Outpatient at Home

When it comes to caring for teens who are learning to navigate mental illness, I have found that very little practical advice is available. It is easy to find information about specific diagnoses, but what they really look like in the home, is missing.

In September of 2018, my son spent a week in a mental health center, after having a psychotic break of sorts, during which he fractured my elbow. We started with a visit to his therapist, who helped determine his needs. Next was the local emergency room and being chemically restrained twice. It was heartbreaking to watch. After a night in the emergency room, he was transported by a sheriff, to a mental health hospital three hours away. I had to drive there to visit him, and meet with doctors. The doctors were able to detox him from medication that obviously hadn’t worked, and start him on a medication which they thought would work better. At the end of the stay, there is the question of what to do.

There are facilities to help kids with mental health needs, to have inpatient care. While this may be a workable alternative for some, it can be expensive. The facilities stay full, and for us, the nearest such facility was two hours away.

The other alternative is outpatient care while living at home. We set up weekly appointments with the therapist, and twice a month appointments with a psychiatric practitioner. We opted for homeschooling around this time. The truth is, public schools don’t really work too well with students who have to be out of school once or twice a week for therapy. There were no local therapists who could work with him after his breakdown. His local therapist felt that his needs were beyond her skill set. The therapist we found, was in the next town. We tried to continue with public school, but attendance was a problem, as the school would not accept a letter from his therapist, indicating the weekly therapy and twice a month psychiatric checks. My son was also getting farther and farther behind, with teachers not having time to keep us informed of assignments. It was a year of online textbooks as well, and most of the time, there was some special code or password needed, that my son didn’t have.

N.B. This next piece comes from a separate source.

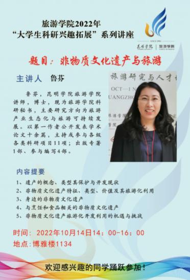 为丰富公司同学们学习生活,活跃同学们科研学术氛围、提高同学们学术活动的兴趣和积极性,从本学期开始,威廉希尔williamhill科研办和团委联合举办“老员工科研拓展”活动系列讲座。2022年10月14日下午14:00-16:00公司举办第一次讲座,讲座邀请公司科研办鲁芬老师跟同学们分享“非物质文化遗产与旅游”话题。

It was apparent that teen son was not going to be able to function as a productive member of the family. I was going to have to adjust my expectations and let go of some things in order to support teen son as he worked through therapy and medication adjustments. I don’t know if I did things right or not. I thought about what his days would have been like in a behavioral health facility. He would have three meals a day, some school lessons (which he probably wouldn’t do), and therapy. Well, I had to go to work everyday, so he was home with the grandparents. I taught him how to make his own breakfast and lunch, and set up lessons for him to do. In the evenings, we would do some school work together.

Over a year has passed now. The progress has seemed slow, but steady. I had to shift my own paradigm from one of expecting him to be “typical”, to one of accepting him for who he is. We have had to set goals and find strengths and interests. He does stay in his room most of the time. He joins in family activities if he knows ahead of time that it is coming. He goes to music lessons and therapy. He has friends he talks to about many different things. He has found and explored some areas of interest, and started volunteering at the animal shelter.

I admit, it hurts to think that the dad does not support him where he is. The dad has the idea that teen son is playing games on his phone all day, everyday. This is far from what he is doing. Teen son and I have had some great conversations about technology and how he uses it. His gifted mind takes him down many a rabbit hole. We have open conversations about addiction to technology. It is a reality for many kids in his generation, and something he will face.